Apache Spark- Two RDD Transformation
March 29, 2017
Two RDD transformation is to create a new dataset by using two datasets. There are only a few functions to support this transformation. So let’s take a look.
Related Topics
Union Function
We will first create a standalone program. More info can be found here to create a standalone program.
Purpose: Produce an RDD containing elements from both RDDs.
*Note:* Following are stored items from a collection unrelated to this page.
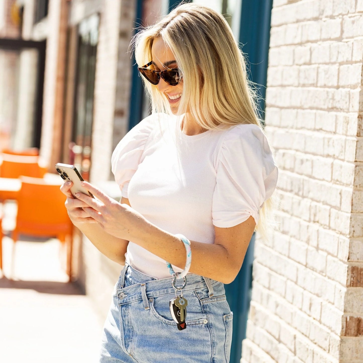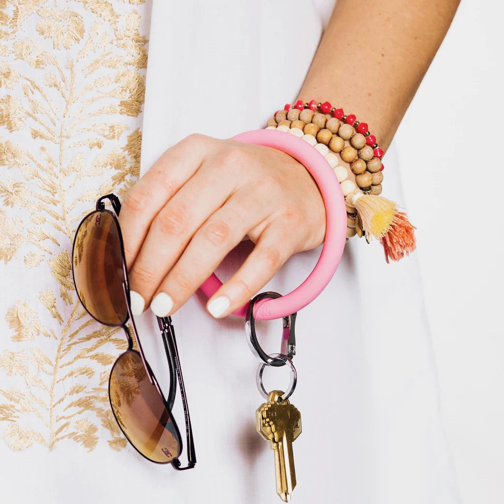 Color me happy! Classic Oventure colors and the life of the (arm) party. The Original Big O® Key Ring is a one-size-fits-all bracelet key ring that can be worn on your forearm or above your elbow for hands-free simplicity. The patented, signature locking clasp clicks open and closed so you can keep your keys, phone and wallet in one central, secure location.
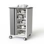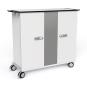 Dank durchdachtem Kabelmanagementsystem vermeiden Sie Kabelsalat und nutzen immer nur ein angemessen kurzes Stück Ihres Hersteller-Ladekabels für das jeweilige Endgerät. Für den leichten Zugang lassen sich die Türen des Ladewagens um 270° zurückklappen. Die elektrische Schachtabdeckung ist modellgebunden farbig abgesetzt. Mit vier leichtgängigen, feststellbaren Rollen, Grifflöchern und Belüftung. Wahlweise mit Schlüssel-, Code- oder Kartenschloss. Das Kartenschloss nutzt die RFID-Technologie (Radio-Frequenz Identifikation).
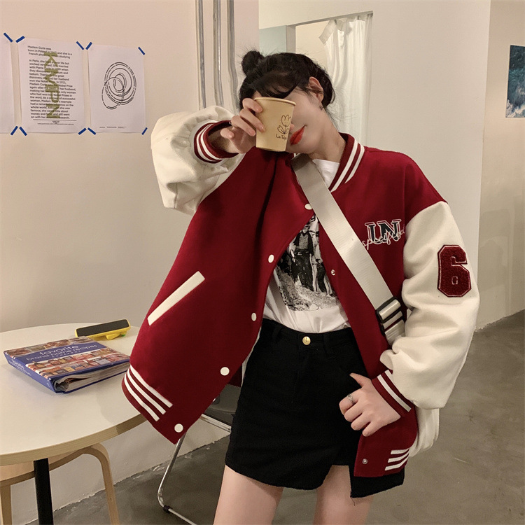 여성을위한 미국 복고풍 숲 스타일 야구 유니폼 2024 가을, 겨울 대학 스타일 두꺼운 재킷 느슨한 재킷 다목적
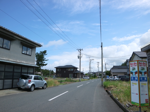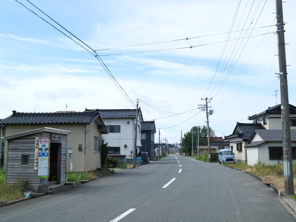 2車線の市道上に位置しています。周辺は住宅地で、海沿いには防風林を超えれば酒田港、山手には工業団地が広がりますがそういった雰囲気は感じられません。
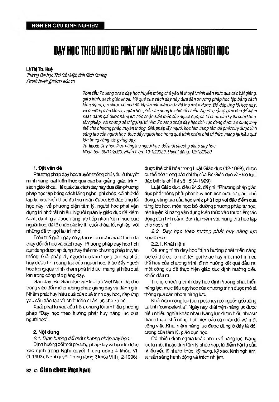 Dạy học theo hướng phát huy năng lực của ngươi học = Teaching in the direction of promoting the learners' intelligence
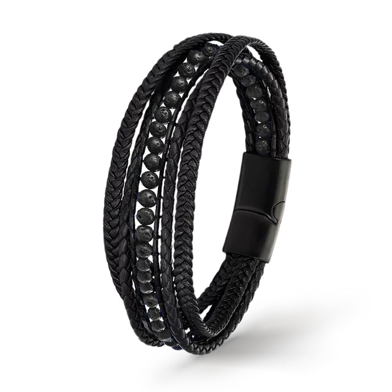 Die natürliche Schönheit der Lava Steine harmoniert perfekt mit der luxuriösen, geflochtenen Lederästhetik. Dieses Armband ist sowohl für den täglichen Gebrauch als auch für besondere Anlässe geeignet. Es sitzt bequem am Handgelenk und ist gleichzeitig ein starkes stilistisches Statement.

import org.apache.spark.SparkContext
import org.apache.spark.SparkConf
import org.apache.spark.rdd.RDD
object Spark {
def main(args: Array[String]) {
val conf = new SparkConf().setAppName("Simple Application").setMaster("local[2]").set("spark.executor.memory", "1g");
val sc = new SparkContext(conf)
val firstRdd: RDD[Int] = sc.parallelize(List(1, 2, 3))
val secondRdd: RDD[Int] = sc.parallelize(List(3, 4, 5))
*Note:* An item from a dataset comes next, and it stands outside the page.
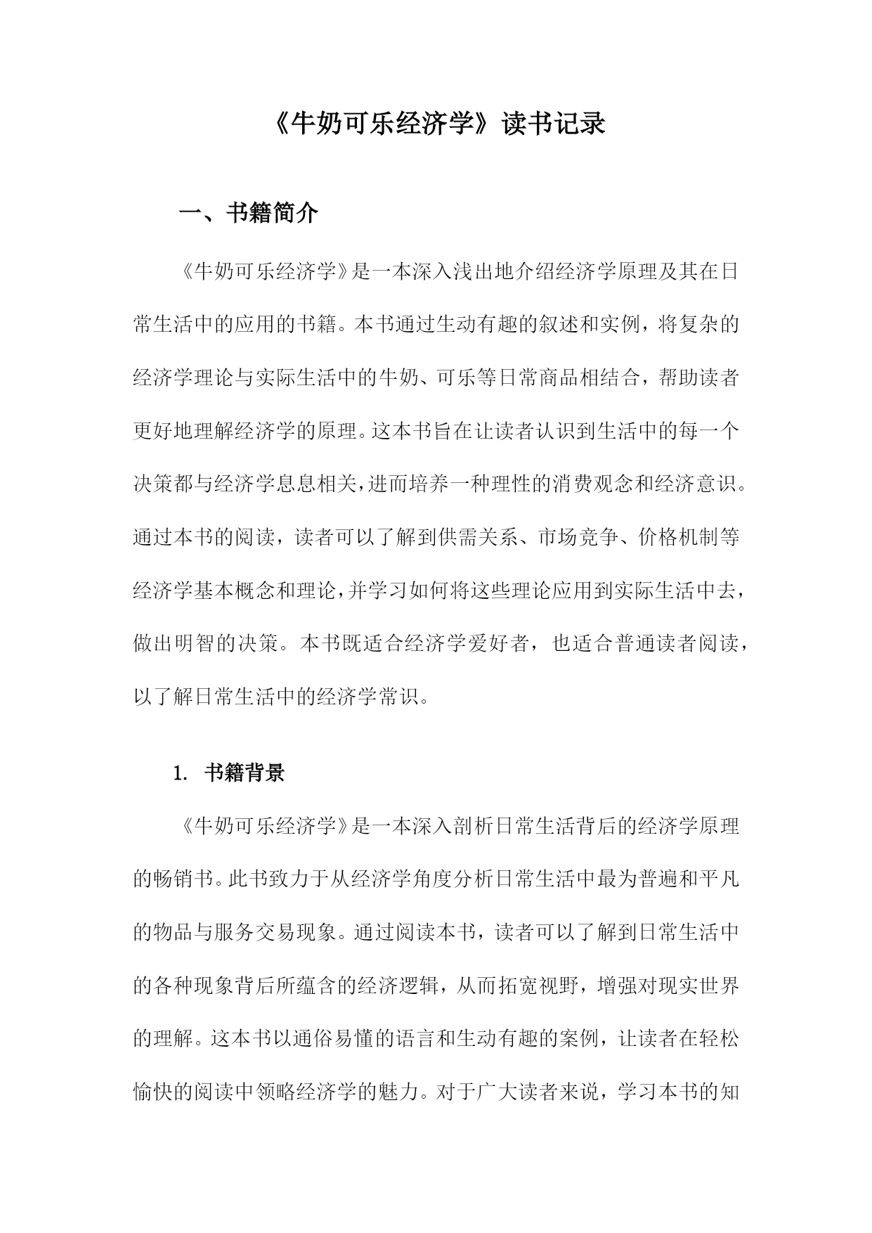 《牛奶可乐经济学》读书记录一、书籍简介《牛奶可乐经济学》是一本深入浅出地介绍经济学原理及其在日常生活中的应用的书籍。本书通过生动有趣的叙述和实例,将复杂的经济学理论与实际生活中的牛奶、可乐等日常商品相结合,帮助读者更好地理解经济学的原理。这本书旨在让读者认识到生活中的每一个决策都与经济学息息相关,进而培养一种理性的消费观念和经济意识。通过本书的阅读,读者可以了解到供需关系、市场竞争、价格机制等经济学基本概念和理论,并学习如何将这些理论应用到实际生活中去,做出明智的决策。本书既适合经济学爱好者,也适合普通读

val result: Array[Int] = firstRdd.union(secondRdd).collect()
print("the result is : " + result.mkString(","))
sc.stop()
}
}
the result is : 1,2,3,3,4,5
Intersection Function
This time, the fragment of code will be shown from now on.
Purpose: RDD containing only elements found in both RDDs.
val firstRdd: RDD[Int] = sc.parallelize(List(1, 2, 3))
val secondRdd: RDD[Int] = sc.parallelize(List(3, 4, 5))
val result: Array[Int] = firstRdd.intersection(secondRdd).collect()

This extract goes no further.